Media Relations for a Connected World

Icon Labs featured in ECN Magazine Brainstorm: Meeting The Demands Of IoT And Smart Home Automation
02.05.2017 20:17
By David West, Director of Professional Services, Icon Labs
IoT devices are predominantly price-sensitive and deployed outside of a secure perimeter with a very long life cycle. In most cases, cost, more than any other factor, drives security component selection.
When choosing between hardware or software, the best solution is to build security into the device and not depend upon the perimeter. Typically, on-device security is an order-of-magnitude lower cost. Addressing basic security needs like an embedded firewall and secure boot cost-effectively protect the device from both inside and outside attacks.
Likely candidates for hardware solutions include Physically Unclonable Functions (PUF), Trusted Platform Module (TPM), and TrustZone.
PUF uses random patterns in the silicon to differentiate chips from each other and to create a unique random number. The generated random number is used to seed a strong device ID and cryptographic keys creating a hardware root of trust.

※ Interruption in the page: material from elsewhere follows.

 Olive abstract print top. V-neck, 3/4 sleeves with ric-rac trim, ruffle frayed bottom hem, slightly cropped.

Security co-processors are physically separate chips offering true isolation of private keys. A TPM offers isolation along with crypto functionality, key generation, and secure storage. However, its cost usually moves it to higher end IoT devices.
Trust Zone is another single chip solution that segregates execution space into secure and insecure worlds. Unsecure apps can’t access security-critical assets. Those same security critical assets are isolated from tampering. Like a TPM, cost moves it to higher end devices.

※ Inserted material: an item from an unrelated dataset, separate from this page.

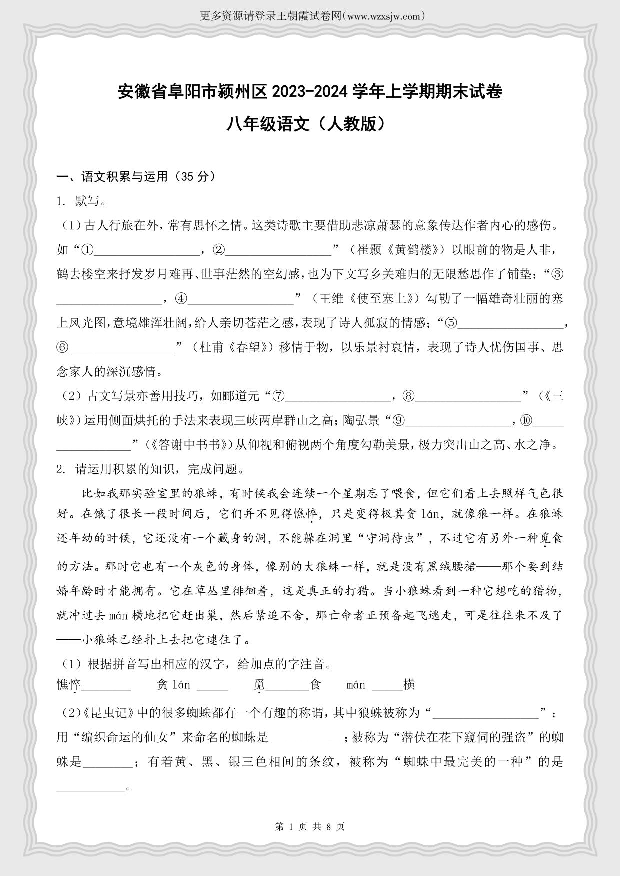 安徽省阜阳市颍州区2023-2024学年上学期期末试卷八年级语文(人教版)

Software security provides a layer of protection at a much lower cost while offering a broader range of options compared to hardware. Frequent candidates for software security include a firewall blocking unwanted packets, TLS/SSH for secure communication, intrusion detection, and management functions. Compared to hardware solutions, software may consume more power.
Ultimately, some combination of hardware and software will be required. Only the system designer will be able to make that determination based upon costs and likely attack vectors.